Input data:
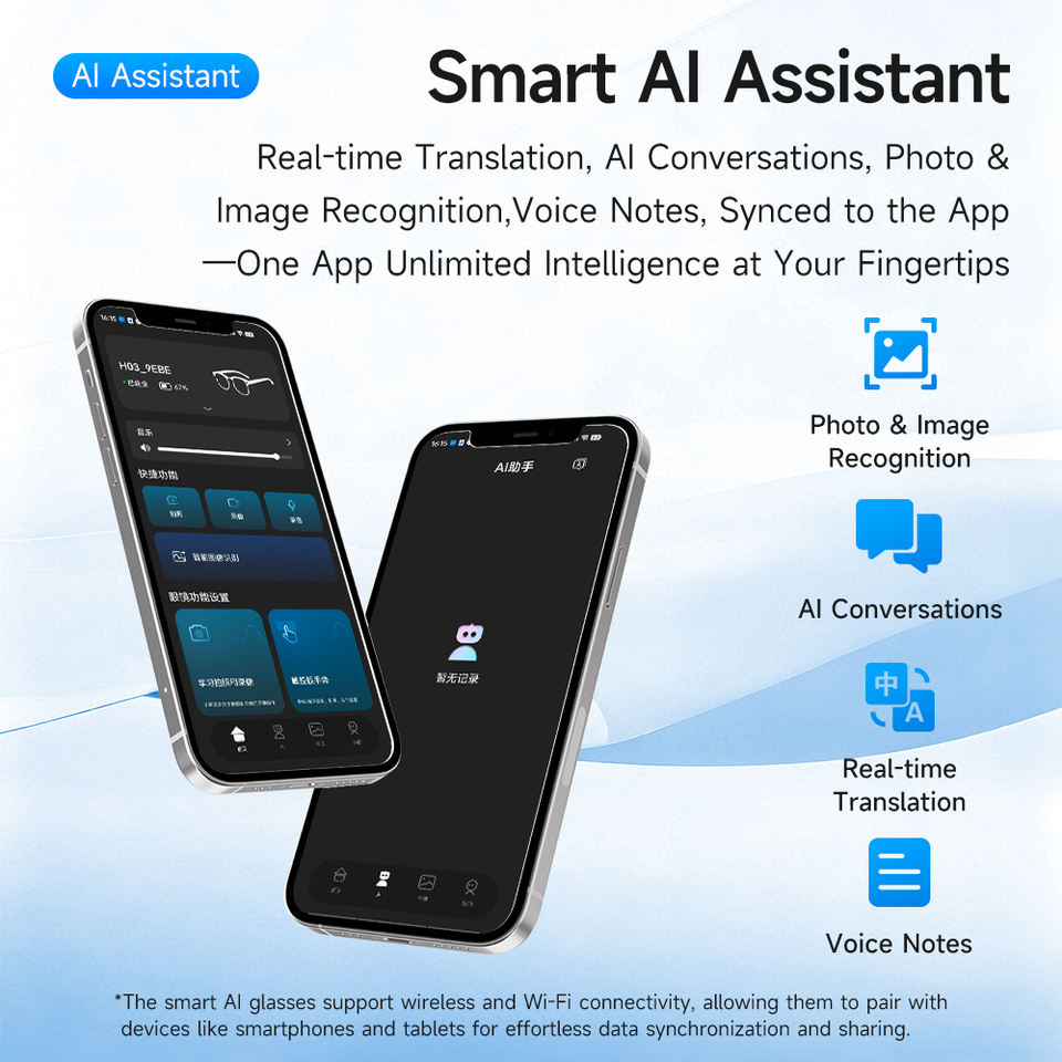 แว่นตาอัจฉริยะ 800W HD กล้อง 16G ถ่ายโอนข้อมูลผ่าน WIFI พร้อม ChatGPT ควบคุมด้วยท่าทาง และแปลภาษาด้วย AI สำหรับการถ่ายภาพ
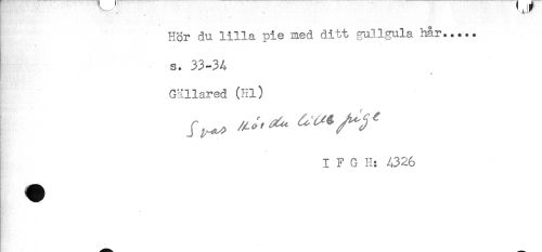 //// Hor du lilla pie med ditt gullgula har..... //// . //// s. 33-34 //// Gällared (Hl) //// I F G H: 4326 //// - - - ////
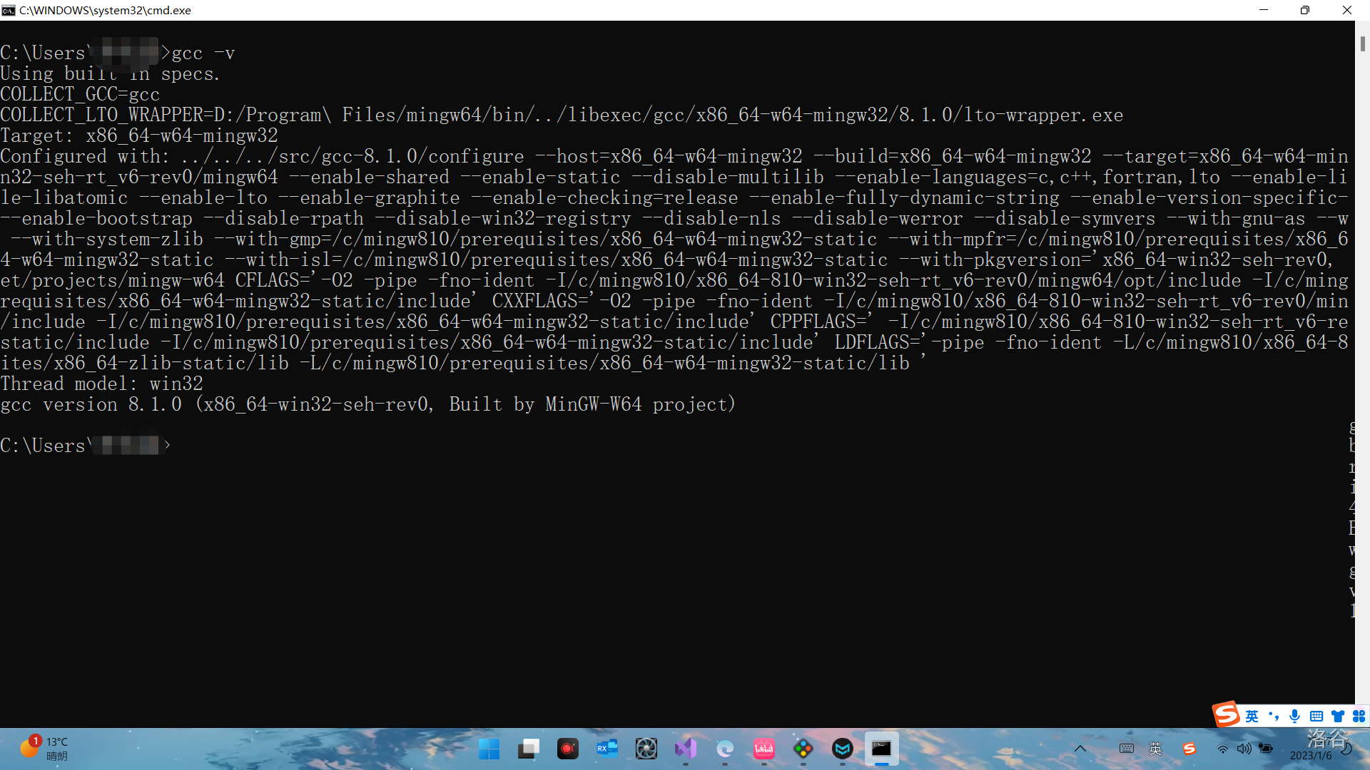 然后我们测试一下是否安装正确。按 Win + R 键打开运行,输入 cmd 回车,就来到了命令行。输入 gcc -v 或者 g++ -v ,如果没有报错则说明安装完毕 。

Exercise prompt:
Retype each line above exactly and leave out any picture.

Task output:
 แว่นตาอัจฉริยะ 800W HD กล้อง 16G ถ่ายโอนข้อมูลผ่าน WIFI พร้อม ChatGPT ควบคุมด้วยท่าทาง และแปลภาษาด้วย AI สำหรับการถ่ายภาพ
 //// Hor du lilla pie med ditt gullgula har..... //// . //// s. 33-34 //// Gällared (Hl) //// I F G H: 4326 //// - - - ////
 然后我们测试一下是否安装正确。按 Win + R 键打开运行,输入 cmd 回车,就来到了命令行。输入 gcc -v 或者 g++ -v ,如果没有报错则说明安装完毕 。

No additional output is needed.